Determining an Equation of a Tangent Line Prompt \#3; Consider the function \( f(x)=-3 x^{2}+6 x+4 \). Use whichever method you prefer from the previous two slides to determine the slope-intercept form of the equation of the tangent line to the graph of \( y=f(x) \) at \( x=2 \). Question \#3(a): What is the value of \( x_{0} \) ? Question \#3(b): What is the slope-intercept form of the equation of the tangent line? \( y= \)

To find the equation of the tangent line to the function \( f(x) = -3x^2 + 6x + 4 \) at \( x = 2 \), we need to follow these steps: ### Question \#3(a): What is the value of \( x_{0} \)? The value of \( x_{0} \) is the point at which we want to find the tangent line. In this case, \( x_{0} = 2 \). ### Question \#3(b): What is the slope-intercept form of the equation of the tangent line? 1. **Find \( f(2) \)**: \[ f(2) = -3(2)^2 + 6(2) + 4 \] \[ = -3(4) + 12 + 4 \] \[ = -12 + 12 + 4 = 4 \] So, the point on the graph at \( x = 2 \) is \( (2, 4) \). 2. **Find the derivative \( f'(x) \)** to determine the slope of the tangent line: \[ f'(x) = \frac{d}{dx}(-3x^2 + 6x + 4) = -6x + 6 \] 3. **Evaluate the derivative at \( x = 2 \)** to find the slope: \[ f'(2) = -6(2) + 6 = -12 + 6 = -6 \] Thus, the slope of the tangent line at \( x = 2 \) is \( -6 \). 4. **Use the point-slope form of the equation of a line**: The point-slope form is given by: \[ y - y_1 = m(x - x_1) \] where \( m \) is the slope and \( (x_1, y_1) \) is the point on the line.
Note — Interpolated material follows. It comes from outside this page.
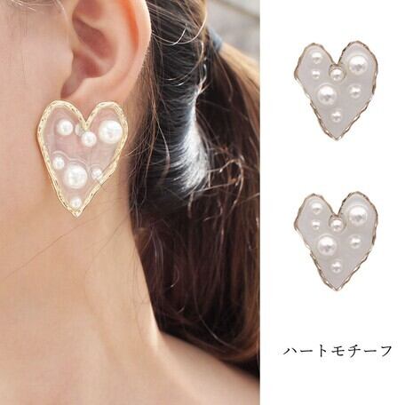 アクリル&パールのピアス 星モチーフ ハートモチーフ

Here, \( m = -6 \) and \( (x_1, y_1) = (2, 4) \): \[ y - 4 = -6(x - 2) \] 5. **Simplify to slope-intercept form**: \[ y - 4 = -6x + 12 \] \[ y = -6x + 12 + 4 \] \[ y = -6x + 16 \] Thus, the slope-intercept form of the equation of the tangent line is: \[ \boxed{y = -6x + 16} \]